UK Finance director of mortgages Jackie Bennett gave a speech at the trade association’s annual mortgage dinner on 3 December, in which she stated a hope for the FCA to take a hands-off approach to the direction of travel of fintech.
Pointing to the forthcoming publication of the regulator’s mortgage market study, due in the first quarter of 2019, Bennett said, “One of the things I hope the final report doesn’t say is what the direction of travel on fintech should be.
“There are some interesting and exciting developments in this area with more to come in the next few months and it would be a shame if the regulator inadvertently cut across allowing this market to develop in its own way to meet market needs,” she added.

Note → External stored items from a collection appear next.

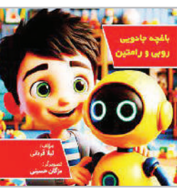
این کتاب آموزش هوش مصنوعی است که به صورت داستان نوشته شده و برای کودکان بالای ۳ سال قابل فهم است.
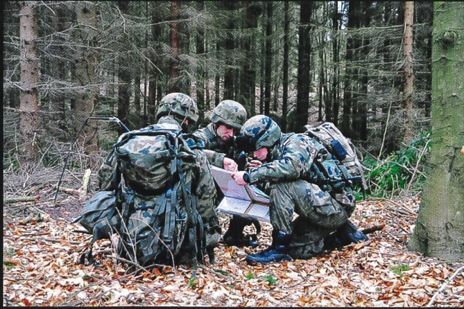
Orientation dans le terrain. La sûreté rapprochée dans le secteur d'attente est mise en place.
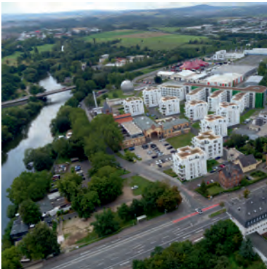
Am Alten Schlachthof
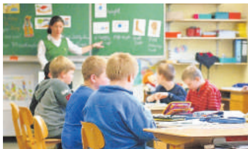
Schüler sind nicht immer so ruhig.

Wenn Schüler viel quatschen, schimpfen die Lehrer. Manche Schüler bekommen auch eine Strafe. Doch eine Lehrerin in Dessau-Roßlau ging zu weit. Sie klebte Schülern den Mund zu. Nun hat sie ihren Job verloren.

The speech as a whole was wide-ranging and looked back at a busy year and what Bennett saw as key events in UK Finance’s calendar for 2019.

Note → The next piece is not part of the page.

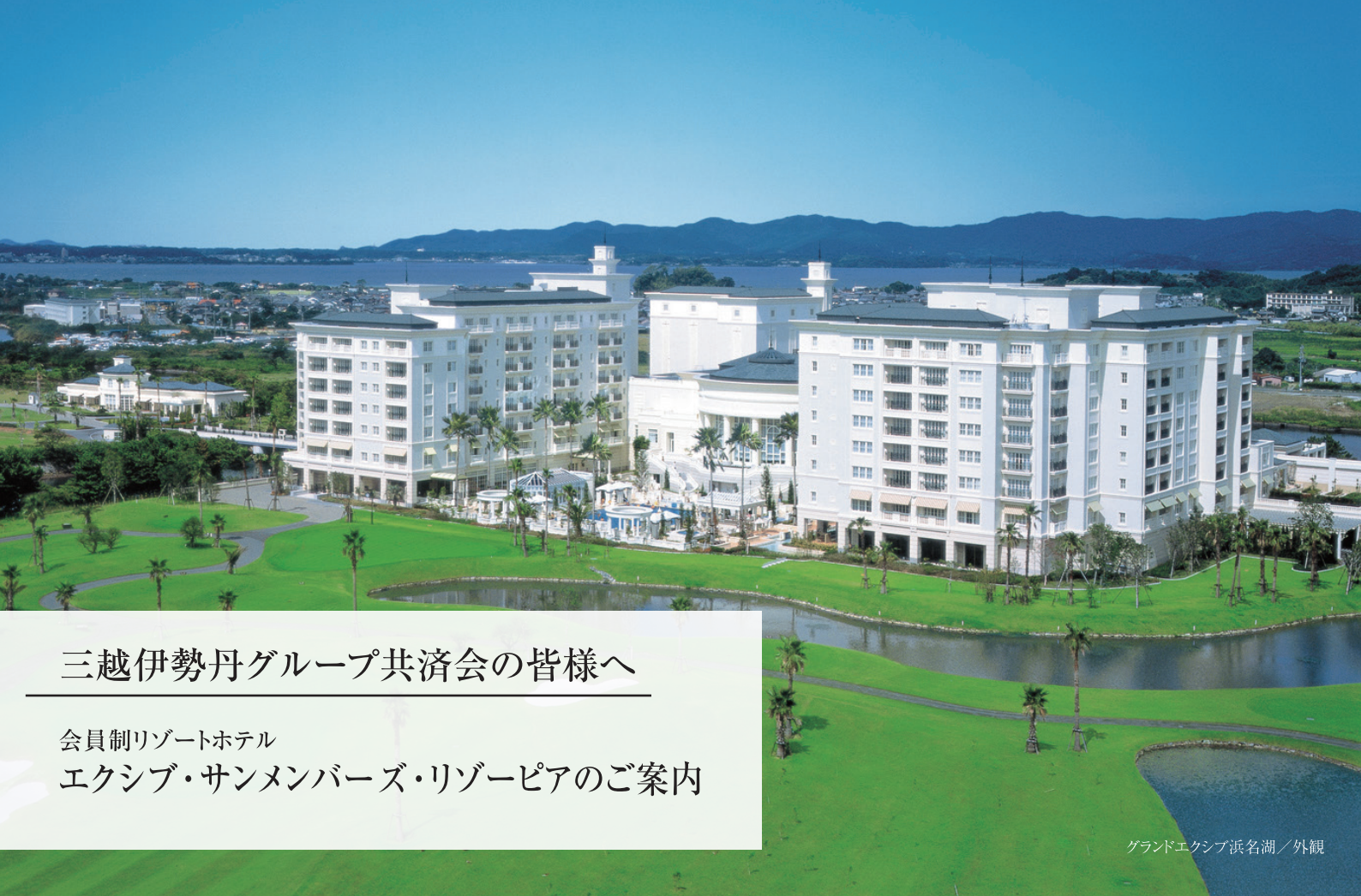
グランドエクシブ浜名湖／外観

Aside from the aforementioned report, Bennett listed seeing the CMA’s response to the Citizen’s Advice Super Complaint, drafting a response to the FCA’s fair pricing discussion paper, and looking out for the regulator’s paper on vulnerability as expectations for next year, along with continued work on the understanding of the impact of the transition from LIBOR to SONIA, which is marked for the end of 2021.
“We know that some customers are on LIBOR-linked mortgages and it is vital that there is a smooth transition for them,” Bennett commented.
Bennett also touched on Brexit, saying that: “UK Finance and the industry have worked closely with the FCA and government to mitigate the cliff edge risks associated with a ‘no-deal’ Brexit.
“However, a no-deal outcome would still cause significant disruption for firms and their customers on both sides of the Channel, which is why we strongly support a managed exit together with an appropriate implementation period. Parliament now has a responsibility to prevent a deeply damaging no-deal Brexit.”
Victories in 2018 included, Bennett said, delivery of a voluntary industry agreement with the BSA and Imla to help existing borrowers on reversion rates.
“However,” she added, “there are thousands more customers with inactive lenders or unregulated owners that we are currently unable to help, even if they can demonstrate they are successfully making higher payments.
“We continue to explore with the FCA what might be possible for these customers. But this is likely to require Handbook changes at the very least, and possibly legislative changes. We know the FCA and Treasury are actively considering this important issue.”